On 17 November 2022, the ECJ in its cases C-253/20 and C-254/20 [1] addressed the question of whether and under what conditions a parallel importer may import and market under the trademark of the reference drug a generic drug that is identical in all respects to the reference drug. Put another way: can a parallel importer purchase a generic drug that is identical in all respects, but offered at a lower price compared to the reference drug, in order to then sell it, after appropriate repackaging, as the more expensive “original” product?

The ECJ ruled that repackaging one pharmaceutical product, e.g., by replacing the outer packaging with another (known as reboxing or relabeling) is only permissible if the following conditions are met cumulatively:

1. the two drugs are identical in every respect (bioidentity is not sufficient) and

2. repacking meets the so-called BMS criteria [2], in particular that of objective necessity.

According to the ECJ, the requirement of identity “in all respects” is based above all on the fact that under certain circumstances the law considers reference medicinal products and generic medicinal products to be equivalent, although they may in fact exhibit minor differences. Since this could lead to healthcare professionals and patients being misled, repackaging is only permissible if both medicines are identical to each other in all respects.

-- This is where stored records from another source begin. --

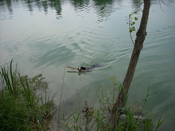 Kira, die Wasserratte, brav ihr Stecki apportierend
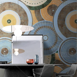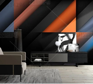 modern minimalist geometric living room retro golden TV background wall mural(19143255)
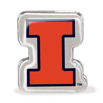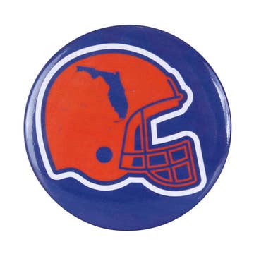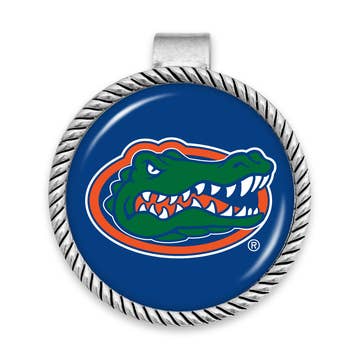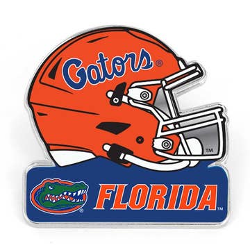 Silver plated pin featuring blue and orange enamel and the “Go Gators” slogan. Pin measures approximately 2.75" in width and 2” in height. This is an officially licensed product.

Such identity exists in particular if the generic product and the original product are manufactured – as is the case here – by the same company or commercially affiliated companies, and if the product is in fact the same product but is merely marketed differently.

With regard to the second requirement, the ECJ emphasizes that objective necessity for repackaging only exists if, due to factual circumstances there is an obstacle to the import of the drug if it is not repackaged, evidence for which must be provided by the parallel importer.

There is no obstacle to the importation of the generic product if a reference product has already been approved in the importing Member State, since approval of the generic product may then only be refused on grounds of public health protection or the protection of human life.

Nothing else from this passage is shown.